Collected data
▽
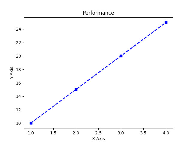 import matplotlib.pyplot as plt x = [1, 2, 3, 4] y = [10, 20, 15, 25] plt.plot(x, y, color="blue", linestyle="--", linewidth=2, marker="s") plt.title("Performance") plt.xlabel("X Axis") plt.ylabel("Y Axis") plt.show() # Output: # Styled line plot with square markers and dashed blue line
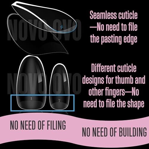 • Novo Ovo Oval Tips Extra Thick Press On No C Curve Gel for Acrylic 14 Sizes
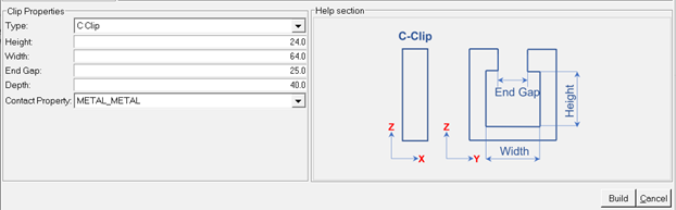 C-Clipタイプに使用するオプションについて以下で説明します。図 1. Clipsコンポーネント - クリッププロパティ(C-Clipタイプ)
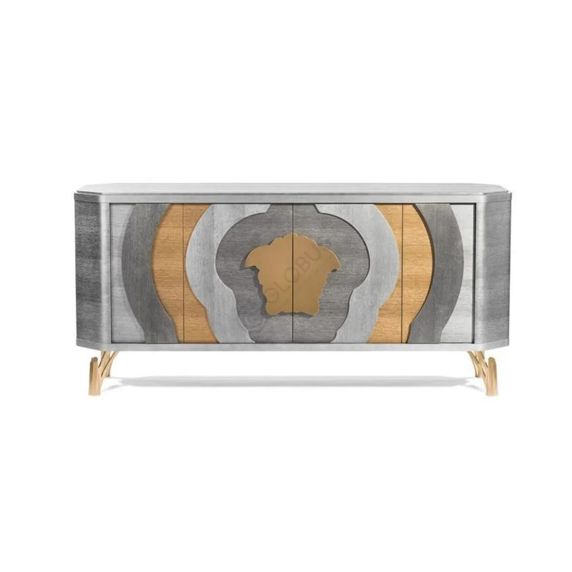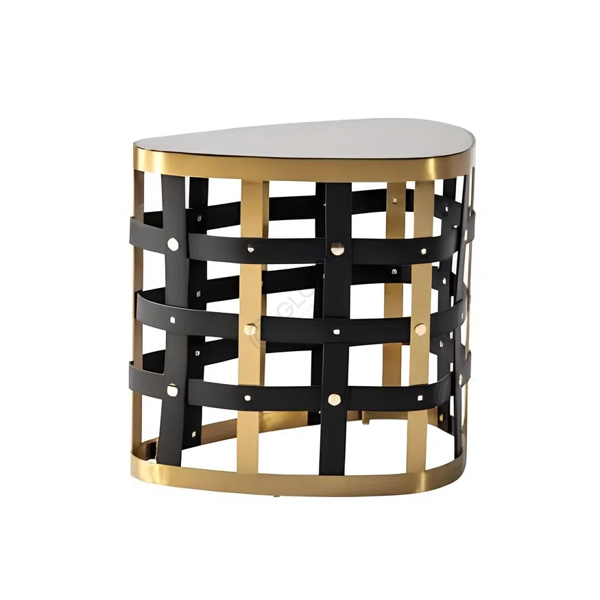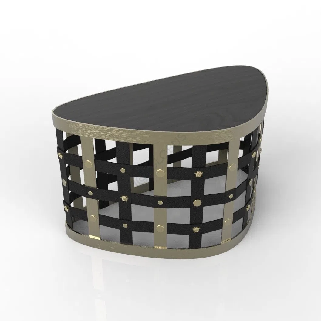 Основа из влагостойкой фанеры обеспечивает надежность, а фигурные опоры из нержавеющей стали с матовым золотистым покрытием в союзе с элементами из массива древесины создают эффект лёгкой воздушности. Акцентная молния по периметру с многоцветной декоративной лентой привносит утончённую оригинальность.
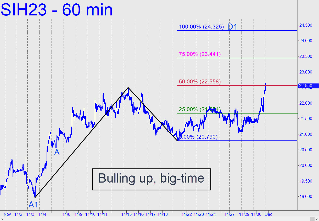 The December contract exceeded my minimum expectation last week at 21.50, so I’ve selected a more ambitious rally pattern with a 22.40 target to keep us a step ahead of the herd if Silver continues to rise as expected. A pullback to the green line (x=21.05) would trigger a ‘mechanical’ buy, but the balky A-B leg argues against trying to get long with a conventional bid and a 20.59 stop-loss. Camouflage may be the ticket, so stay tuned to that chat room if you’re interested. _______ UPDATE (Nov 28, 10:03 p.m.): The futures took a $1200 bounce from within a half-cent of the green line, enabling at least one subscriber to report a quick profit in the chat room. Silver’s subsequent relapse has muddied the immediate picture and left me with nothing exciting to recommend for today. My ‘voodoo number’ for a possible turn would be 20.98 — worth risking no more than 2-3 cents on a stop. _______ UPDATE (Nov 30, 7:12 p.m.): A bullish pattern going back to early November would be superseded by a larger one if this rally decisively exceeds 22.73, basis the March contract, or closes above it for two consecutive days. The new target, a clear and compelling Hidden Pivot resistance, would be at 24.325, shown in this chart.
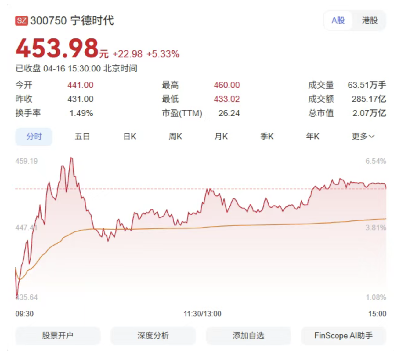 这不是简单的市值排名更替。当收盘钟声响起,宁德时代总市值定格在2.07万亿元,成为A股历史上首只站稳2万亿市值的科技股。盘中一度跃居第二,终因涨幅收窄退居第三。旧能源时代的霸主,在新能源狂潮中退居次席。
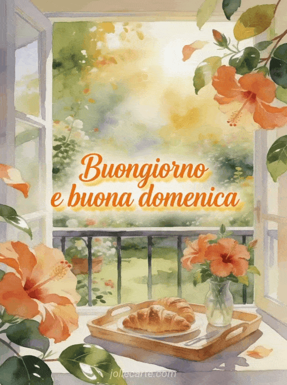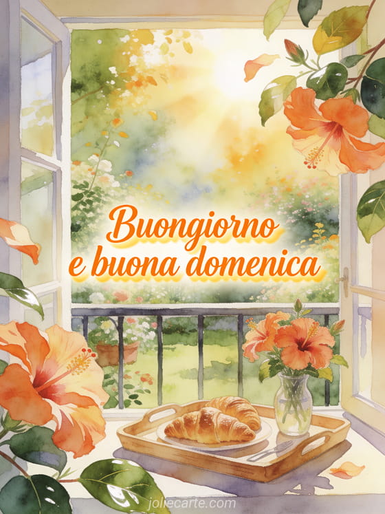 Invia un messaggio luminoso della domenica mattina con croissant, fiori di ibisco e vista sul giardino da un balcone ad acquerello. Scopri anche buona domenica immagini con fiori, un messaggio per dire buona domenica o una buona domenica immagine gratis.
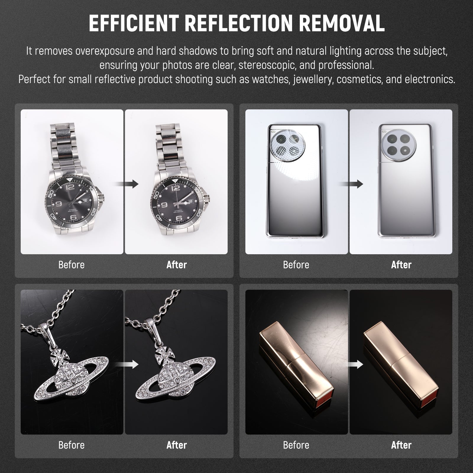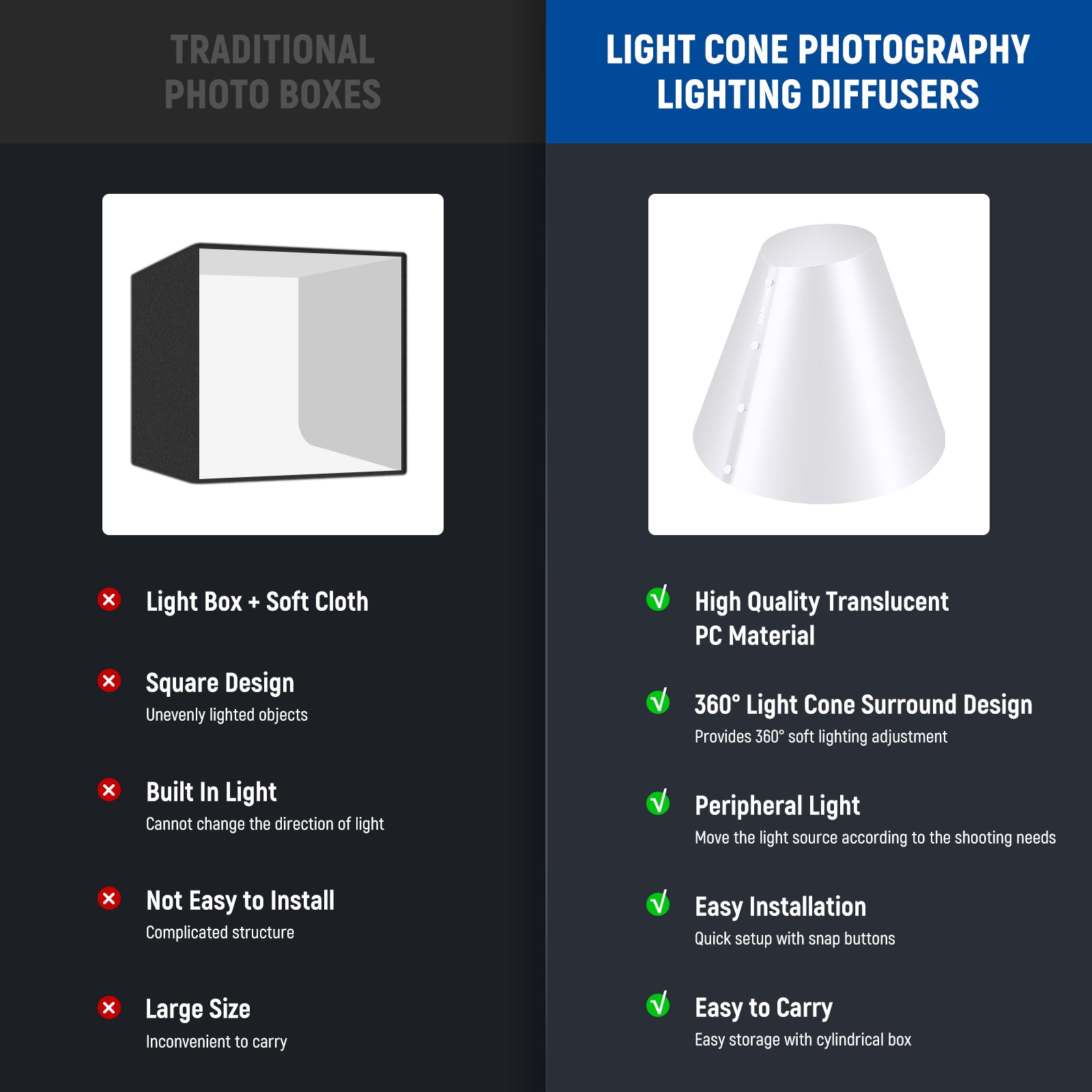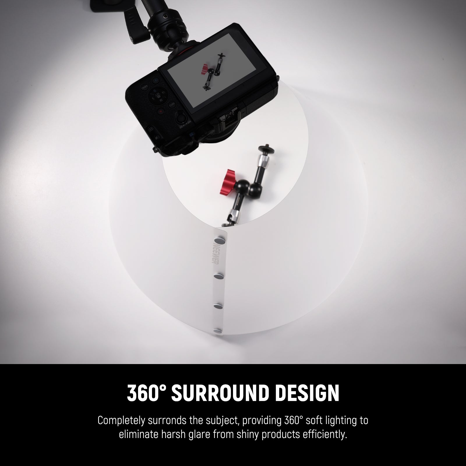 - Conception à cône lumineux à 360° - Le cône lumineux à 360° entoure le sujet, offrant un éclairage doux et ajustable à 360° pour éliminer efficacement les reflets gênants des produits brillants. L'ouverture supérieure inclinée facilite la prise de vue et offre des angles variés pour capturer les meilleurs clichés de vos sujets.
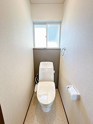 【リフォーム済】1階トイレ。新しい温水洗浄機能付きトイレに交換いたしました。直接肌に触れるところなので設備が新しいと気持ちいいですね。床クッションフロア張替、壁天井クロス張替を行いました。
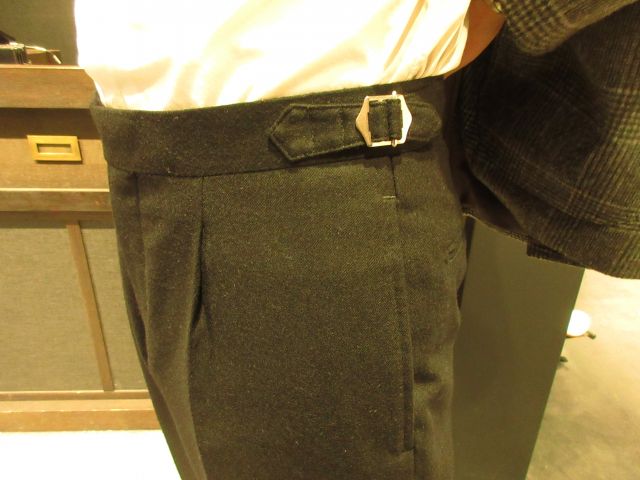 ベルトレス脇尾錠のスラックスはオプションで¥3000で可能ですので、是非一度お試しください。
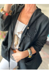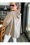 Papel Nakış Detaylı İpli Kapşonlu Hırka Ceket Vizon
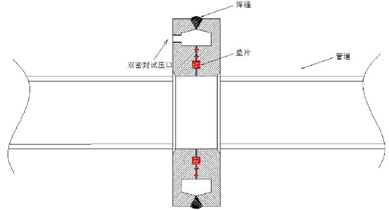 施工準(zhǔn)備 → 材料驗(yàn)收 → 坡口打磨 → 安裝墊片 → 配對(duì)雙密封法蘭組對(duì) → 雙密封法蘭加緊 → 打底焊接 → 雙密封預(yù)試壓 → 焊縫填充、蓋面 → 焊縫外觀檢查 → 焊縫無(wú)損檢測(cè) → 雙密封水壓試驗(yàn) →排水、干燥 → 法蘭試壓口封堵 → 管道系統(tǒng)水壓試驗(yàn) → 排水、干燥
△
Your task is to reproduce the entries above word for word, from the first line through the line with "C-Clipタイプに使用するオプションについて以下で説明します。図 1. Clipsコンポーネント", and please leave out any pictures.

Output
 import matplotlib.pyplot as plt x = [1, 2, 3, 4] y = [10, 20, 15, 25] plt.plot(x, y, color="blue", linestyle="--", linewidth=2, marker="s") plt.title("Performance") plt.xlabel("X Axis") plt.ylabel("Y Axis") plt.show() # Output: # Styled line plot with square markers and dashed blue line
 • Novo Ovo Oval Tips Extra Thick Press On No C Curve Gel for Acrylic 14 Sizes
 C-Clipタイプに使用するオプションについて以下で説明します。図 1. Clipsコンポーネント - クリッププロパティ(C-Clipタイプ)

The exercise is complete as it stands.